◆ **ACTIVITY**: Copy the final lines exactly, starting at the one that contains "据统计,中国心脏猝死的总人数每年达到 54 万,居全球之首,每天约有" and ending with the last line of the listing below. Pictures are not part of the copy.

◆ **INFORMATION PROVIDED**:
§ §
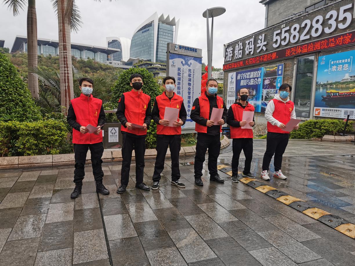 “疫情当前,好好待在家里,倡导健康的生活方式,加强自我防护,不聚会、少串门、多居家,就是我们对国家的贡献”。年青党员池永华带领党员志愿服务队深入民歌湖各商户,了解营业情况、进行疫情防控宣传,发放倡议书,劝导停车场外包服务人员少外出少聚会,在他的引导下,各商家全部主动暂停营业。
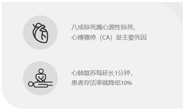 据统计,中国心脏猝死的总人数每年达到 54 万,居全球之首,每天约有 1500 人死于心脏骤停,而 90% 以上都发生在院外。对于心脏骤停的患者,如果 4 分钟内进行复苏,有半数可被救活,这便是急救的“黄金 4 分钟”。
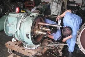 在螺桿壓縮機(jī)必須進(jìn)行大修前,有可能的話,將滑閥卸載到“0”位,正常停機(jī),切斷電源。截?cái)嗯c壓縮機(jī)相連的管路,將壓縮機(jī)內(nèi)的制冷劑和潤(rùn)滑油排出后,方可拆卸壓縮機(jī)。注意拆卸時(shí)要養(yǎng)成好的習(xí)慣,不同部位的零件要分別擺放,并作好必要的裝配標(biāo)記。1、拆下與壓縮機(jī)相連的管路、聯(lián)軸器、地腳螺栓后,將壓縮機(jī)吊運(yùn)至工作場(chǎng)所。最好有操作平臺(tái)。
§ §
◆ **RESULT**:
 据统计,中国心脏猝死的总人数每年达到 54 万,居全球之首,每天约有 1500 人死于心脏骤停,而 90% 以上都发生在院外。对于心脏骤停的患者,如果 4 分钟内进行复苏,有半数可被救活,这便是急救的“黄金 4 分钟”。
 在螺桿壓縮機(jī)必須進(jìn)行大修前,有可能的話,將滑閥卸載到“0”位,正常停機(jī),切斷電源。截?cái)嗯c壓縮機(jī)相連的管路,將壓縮機(jī)內(nèi)的制冷劑和潤(rùn)滑油排出后,方可拆卸壓縮機(jī)。注意拆卸時(shí)要養(yǎng)成好的習(xí)慣,不同部位的零件要分別擺放,并作好必要的裝配標(biāo)記。1、拆下與壓縮機(jī)相連的管路、聯(lián)軸器、地腳螺栓后,將壓縮機(jī)吊運(yùn)至工作場(chǎng)所。最好有操作平臺(tái)。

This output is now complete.